▶ Given records
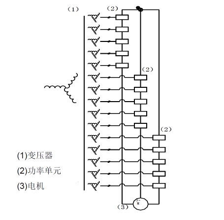 单元串联多电平技术采用功率单元串联电压相加回路,采取变压器多绕组别分组分压整流单元均压,单元电平叠加,通过IGBT逆变桥进行正弦(PWM)控制,可得到单项交流输出,每个功率模块结构及电气性能上完全一致,可以互换。
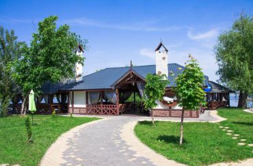 Житло: Котедж (на 6 осіб) – 2000 грн у будні і 2500 грн – у вихідний. На кожному поверсі душова, туалет, кондиціонер, холодильник. Є кухня, супутникове телебачення, Wi-Fi. Альтанка і у кожного будиночка є свій човен навеслах (входить у вартість оренди).
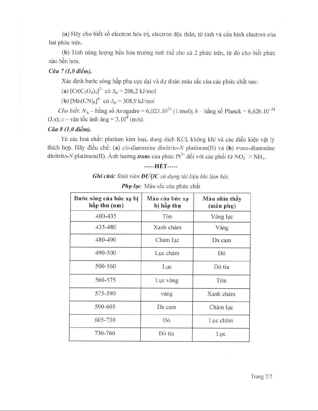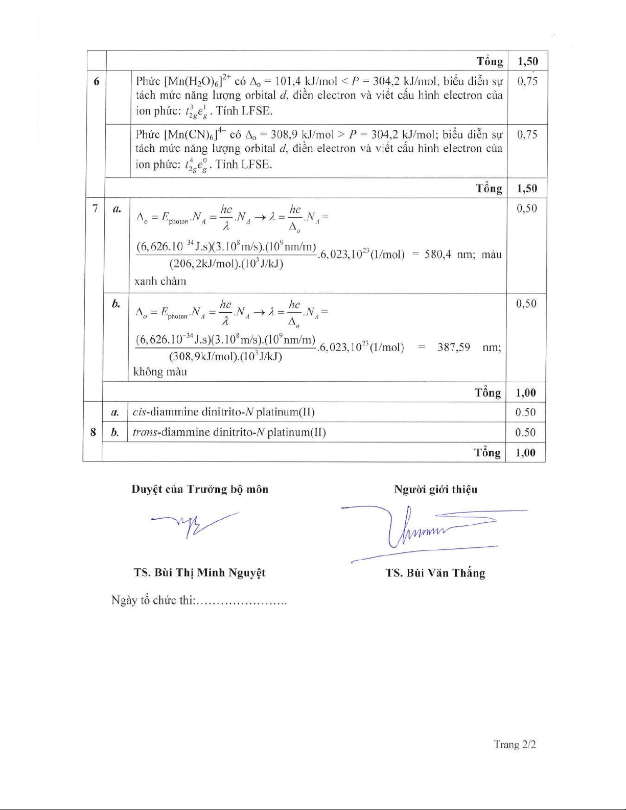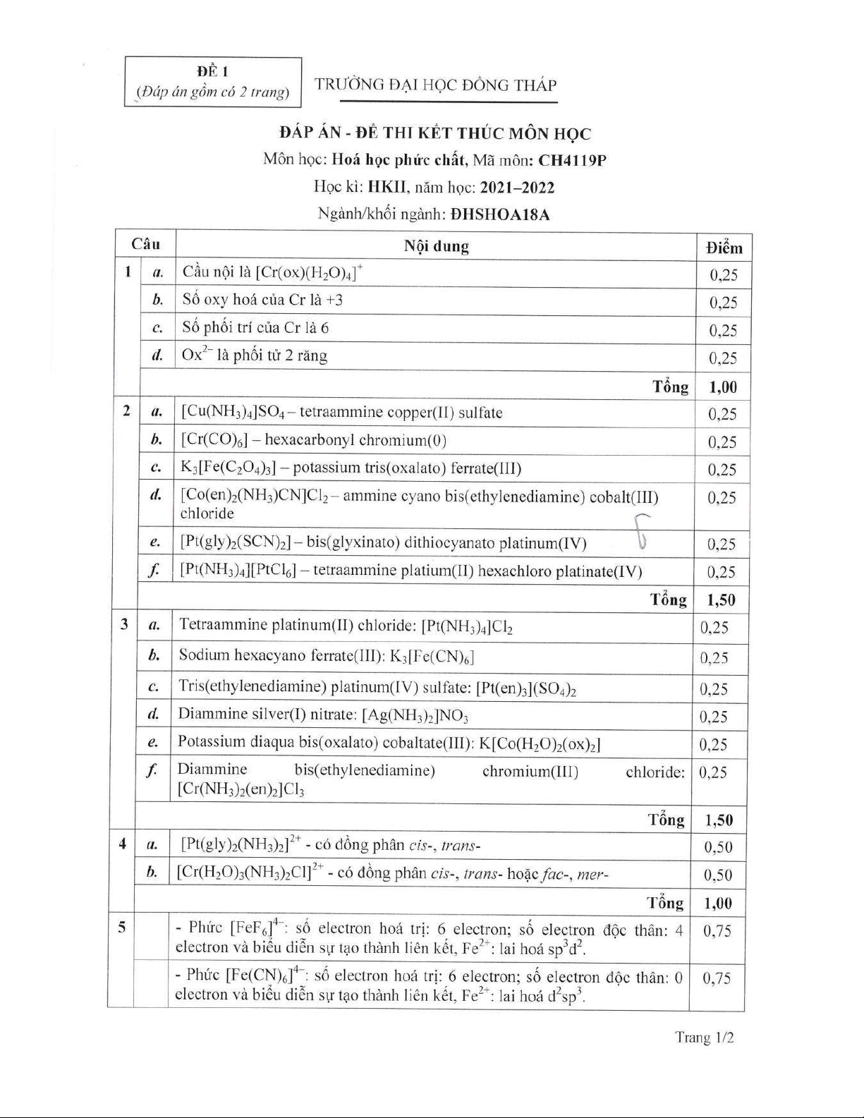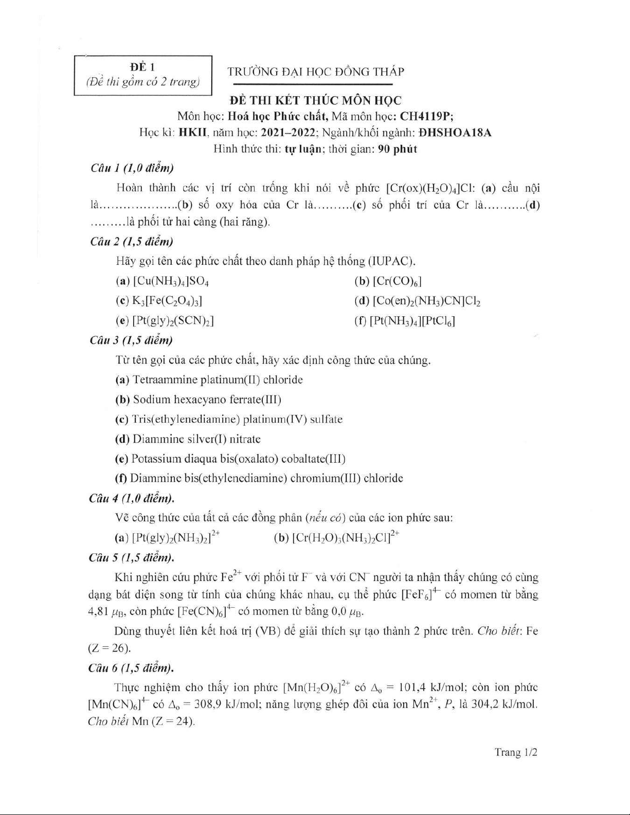 Đề thi kết thúc học phần học kì 2 môn Hóa học phức chất năm 2021-2022 có đáp án - Trường ĐH Đồng Tháp
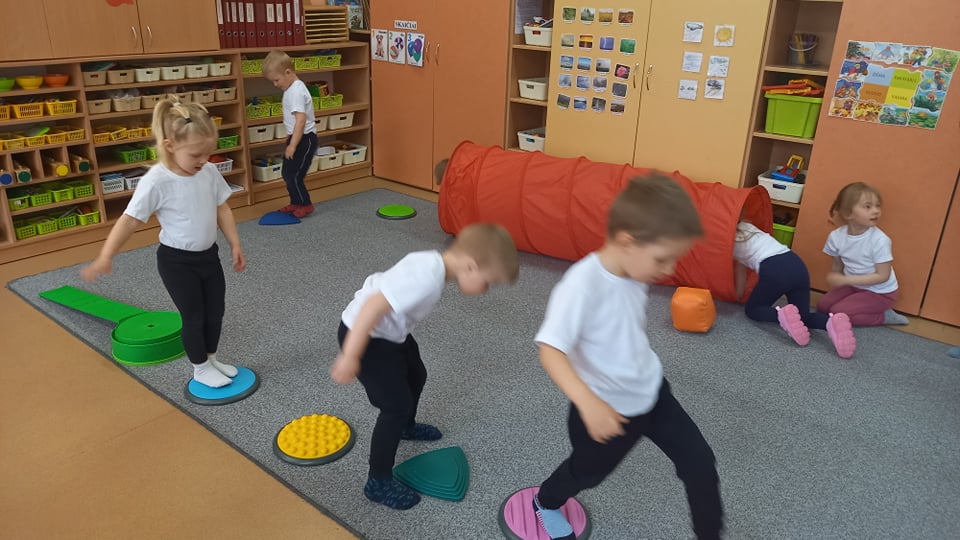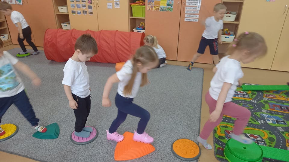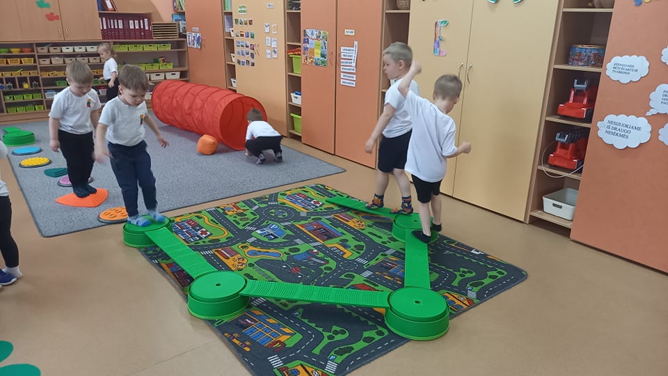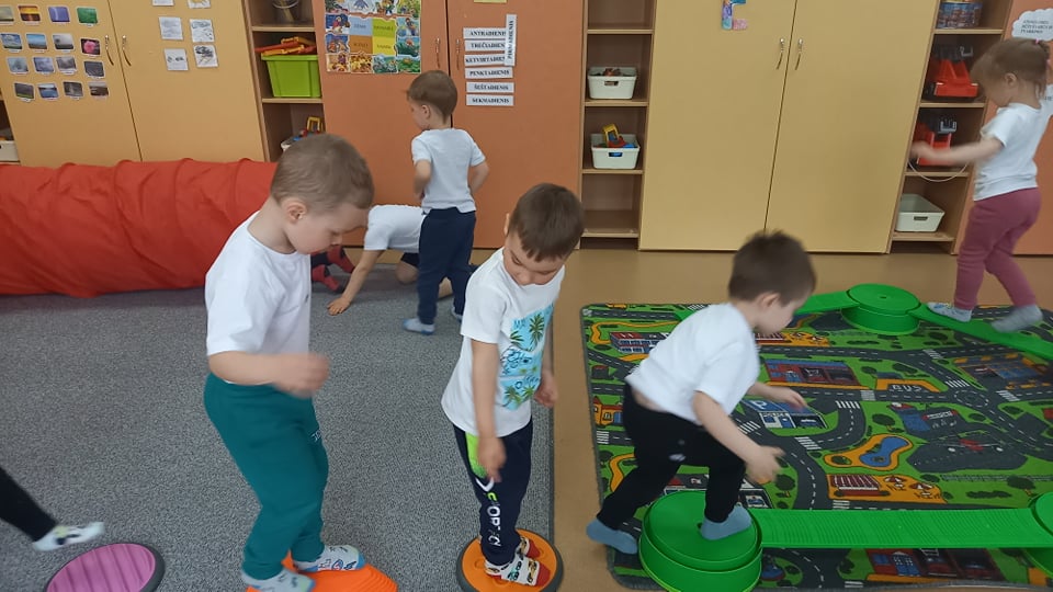 Už lango lyja-tai „Čiauškučiai” sportuoja grupėje. Veiklos metu vaikai pažįsta skirtingą sporto inventorių ir atranda sau mieliausią.
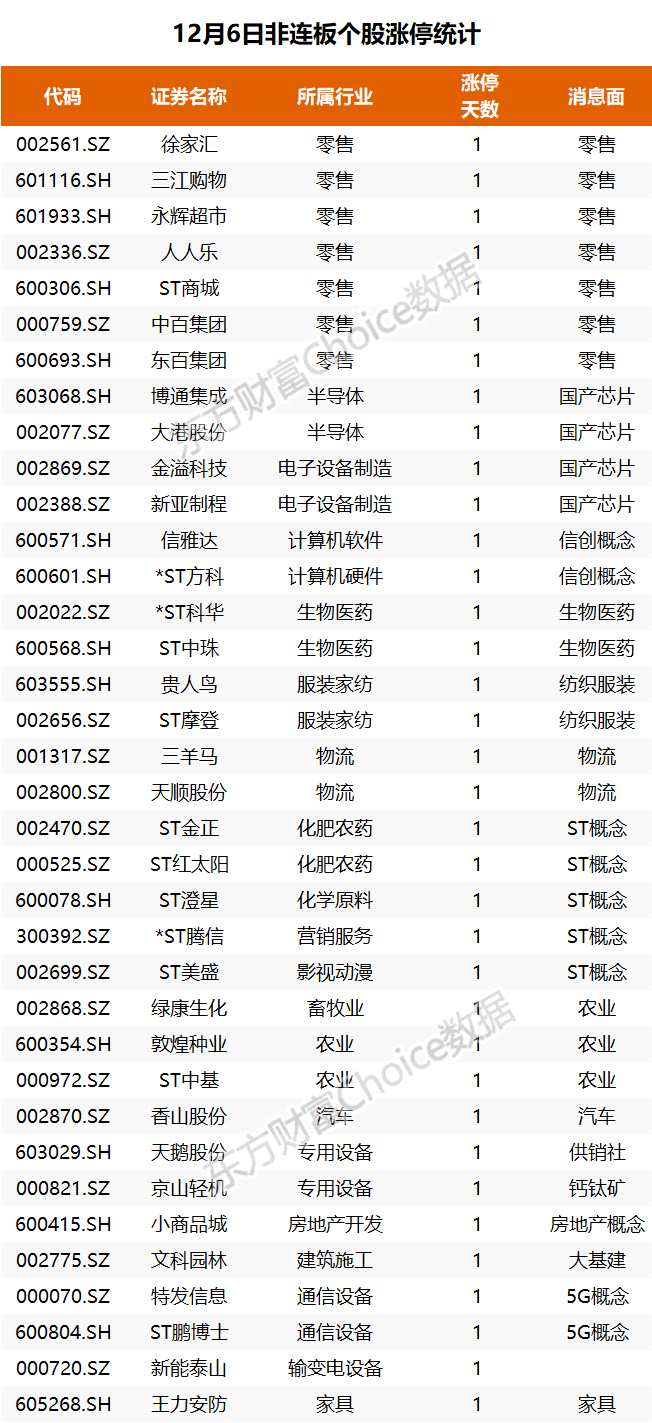 個股方面,新冠藥概念以嶺藥業(yè)盤中一度創(chuàng)歷史新高,收盤跌超2%;消費股表現(xiàn)活躍,零售概念全天強勢領(lǐng)漲,徐家匯、永輝超市、中百集團等近10股漲停;賽道股展開反彈,半導(dǎo)體及元件概念領(lǐng)漲,【滿坤科技(301132)、股吧】漲超10%,博通集成、大港股份漲停;信創(chuàng)概念英飛拓尾盤封板,錄得4連板;高位股集體退潮,多股炸板,永順泰上演天地板;醫(yī)藥商業(yè)方向領(lǐng)跌,嘉事堂、一心堂跌停?! ?img rel='nofollow' src='http://image.yjcf360.com/202212/07f08252c0354c2fbf7e351325447b87.png' border='0' onload='javascript:if(this.width>500)this.width=500' align='center' hspace=10 vspace=10 alt=''>
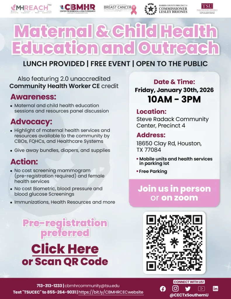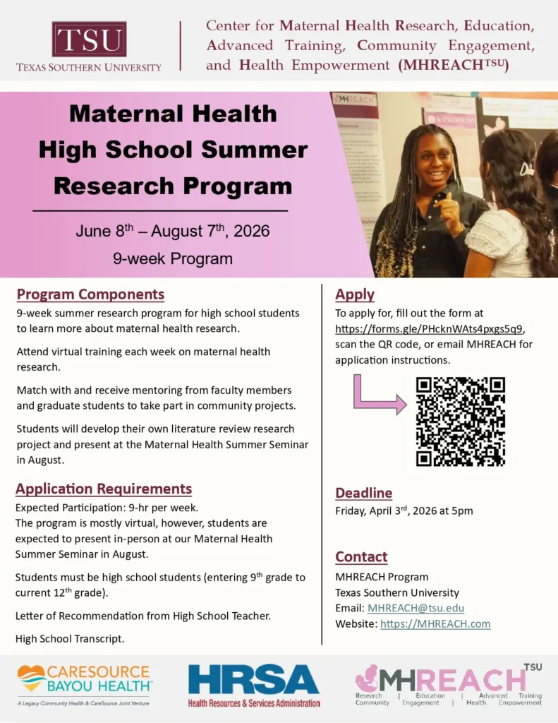 MHREACH is a maternal health center dedicated to investigating and addressing the underlying causes of maternal mortality and morbidity among at risk and highly vulnerable communities in Harris County and greater Houston area, including rural communities.
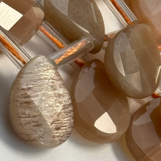 Most moonstone and sunstone beads are untreated, though some may receive surface coating for protection. Natural, untreated stones with strong optical effects are most valuable.
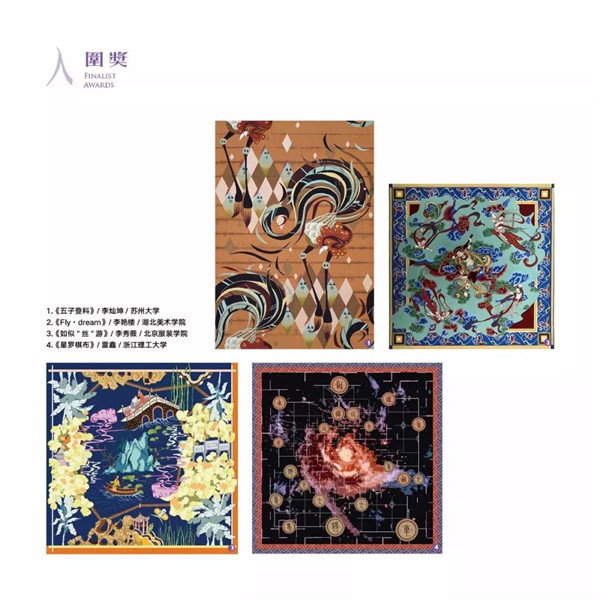 本屆大賽共收到參賽作品1562幅,經過專家評審委員會的層層遴選,最終評選出金獎1名、銀獎3名、銅獎5名、優秀獎30名、最佳創意設計應用獎5名、最佳設計題材獎5名、最佳傳統紋樣表現獎5名,入圍獎若干。下面就讓小編陪大家一起鑒賞獲獎作品吧。

▶ What to produce
Pictures are not part of the copy. Return every record exactly.

▶ Written solution
 单元串联多电平技术采用功率单元串联电压相加回路,采取变压器多绕组别分组分压整流单元均压,单元电平叠加,通过IGBT逆变桥进行正弦(PWM)控制,可得到单项交流输出,每个功率模块结构及电气性能上完全一致,可以互换。
 Житло: Котедж (на 6 осіб) – 2000 грн у будні і 2500 грн – у вихідний. На кожному поверсі душова, туалет, кондиціонер, холодильник. Є кухня, супутникове телебачення, Wi-Fi. Альтанка і у кожного будиночка є свій човен навеслах (входить у вартість оренди).
 Đề thi kết thúc học phần học kì 2 môn Hóa học phức chất năm 2021-2022 có đáp án - Trường ĐH Đồng Tháp
 Už lango lyja-tai „Čiauškučiai” sportuoja grupėje. Veiklos metu vaikai pažįsta skirtingą sporto inventorių ir atranda sau mieliausią.
 個股方面,新冠藥概念以嶺藥業(yè)盤中一度創(chuàng)歷史新高,收盤跌超2%;消費股表現(xiàn)活躍,零售概念全天強勢領(lǐng)漲,徐家匯、永輝超市、中百集團等近10股漲停;賽道股展開反彈,半導(dǎo)體及元件概念領(lǐng)漲,【滿坤科技(301132)、股吧】漲超10%,博通集成、大港股份漲停;信創(chuàng)概念英飛拓尾盤封板,錄得4連板;高位股集體退潮,多股炸板,永順泰上演天地板;醫(yī)藥商業(yè)方向領(lǐng)跌,嘉事堂、一心堂跌停?! ?img rel='nofollow' src='http://image.yjcf360.com/202212/07f08252c0354c2fbf7e351325447b87.png' border='0' onload='javascript:if(this.width>500)this.width=500' align='center' hspace=10 vspace=10 alt=''>
 MHREACH is a maternal health center dedicated to investigating and addressing the underlying causes of maternal mortality and morbidity among at risk and highly vulnerable communities in Harris County and greater Houston area, including rural communities.
 Most moonstone and sunstone beads are untreated, though some may receive surface coating for protection. Natural, untreated stones with strong optical effects are most valuable.
 本屆大賽共收到參賽作品1562幅,經過專家評審委員會的層層遴選,最終評選出金獎1名、銀獎3名、銅獎5名、優秀獎30名、最佳創意設計應用獎5名、最佳設計題材獎5名、最佳傳統紋樣表現獎5名,入圍獎若干。下面就讓小編陪大家一起鑒賞獲獎作品吧。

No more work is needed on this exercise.